Crucifixion and Resurrection

This is the belief that Jesus died on the Cross, rose from the dead, and ascended into Heaven after appearing to his disciples, most notably to the Apostles.

Jesus Christ as Salvation

This is the belief that salvation from "sin and death" is available through the person and work of Jesus. Protestants, Catholics, and Orthodox Christians have arrived at several explanations as to exactly how this salvation occurs. (See soteriology.)

Most Christians interpret salvation to mean being able to enter heaven (and escape hell) after death, though some theologians have lamented this tendency. The question of "who is saved" has long been considered a dark mystery by many theologians, though most Protestants consider it a relatively simple issue of whether or not one has accepted Jesus as Lord and Savior.

The Second Coming

Main article: Second Coming

This is the belief in the "General Resurrection", in which all people who have ever lived will rise from the dead at the end of time, to be judged by Christ on his return.

The Afterlife

Christian views of the afterlife generally involve heaven and (somewhat less frequently) hell, with Catholicism adding an intermediate realm of purgatory. Except for purgatory (whose denizens will ultimately enter heaven, after "purification"), these realms are usually assumed to be eternal. There is, however, some debate on this point, for example among the Orthodox.
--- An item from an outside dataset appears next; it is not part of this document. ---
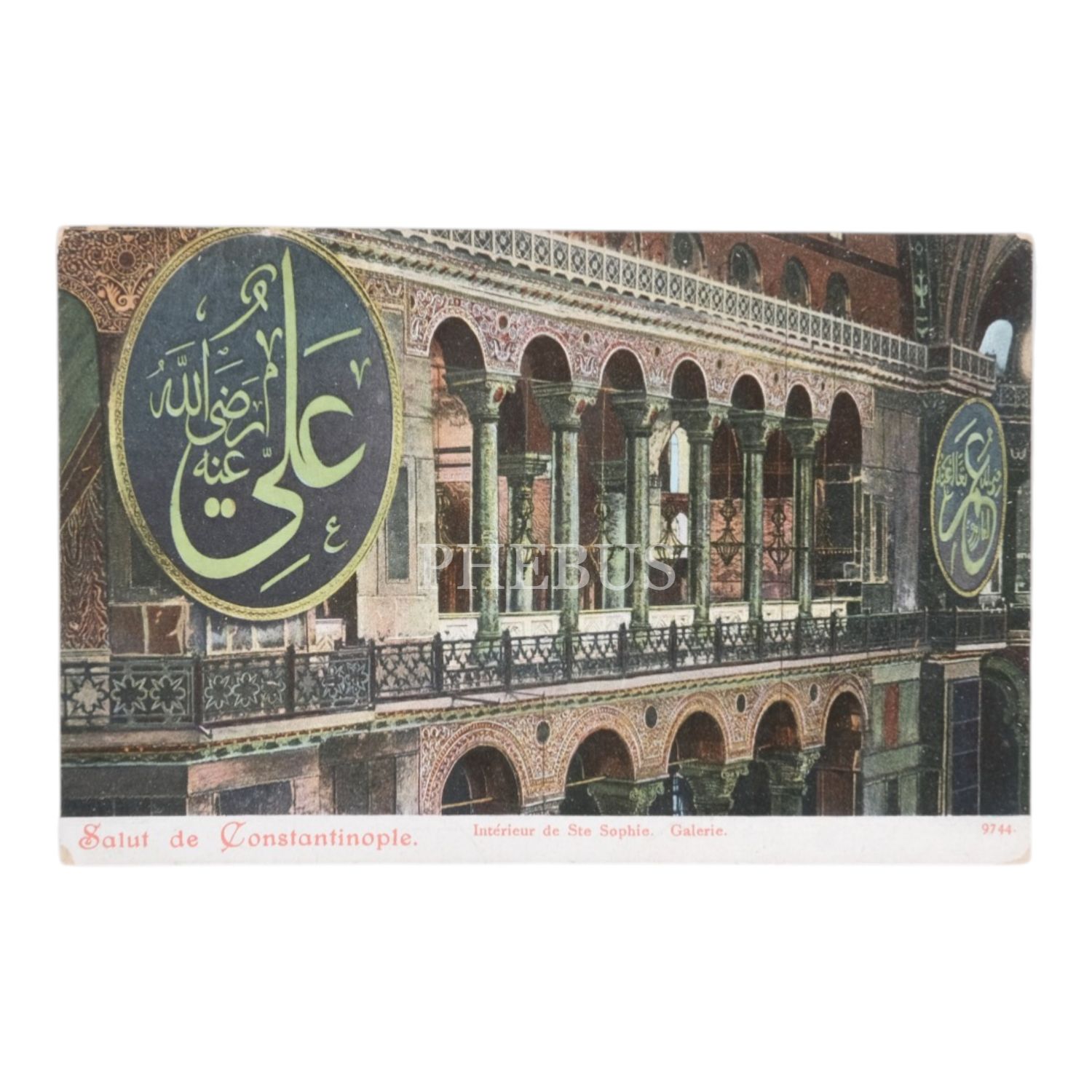 Ayasofya Camii´nin içi, "Vue interieure de St. Sophie Galerie - Salut de Constantinople", 14x9 cm...
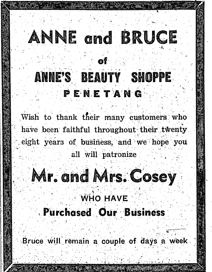 - Obituary – PERCY HOAG – A life-long resident of Midland, Percy Hoag died at St. Andrews Hospital July 1. He was in his 57th year. Funeral service was conducted by Rev. W. L. Morden at A. Barrie and Sons funeral home July 3. Pallbearers were Ernie Hamilton, Jack Gerow, George Thompson, Charles Stewart, Alfred Clute and Fred Norwood. Mr. Hoag, who was born in Midland and attended Regent School, injured his arches in a fall in his late teens and this injury eventually took him off his feet for the rest of his days. He is survived by a brother, Fred, and a sister, Mrs. Lena Sager, both of Midland. Burial was in Lakeview Cemetery.

It is generally unclear how the afterlife fits together with the doctrine of the General Resurrection i.e. whether eternal life begins immediately after death, or at the end of time; and whether this afterlife will involve the resurrection of one's physical body (perhaps in a glorified spiritual form). Most Christians hold that one's consciousness, the soul, survives the death of the physical body, although the Jehovah's Witnesses, among others, reject this, saying that those who practiced good things will be resurrected to life and those who practiced vile things to a resurrection of judgement.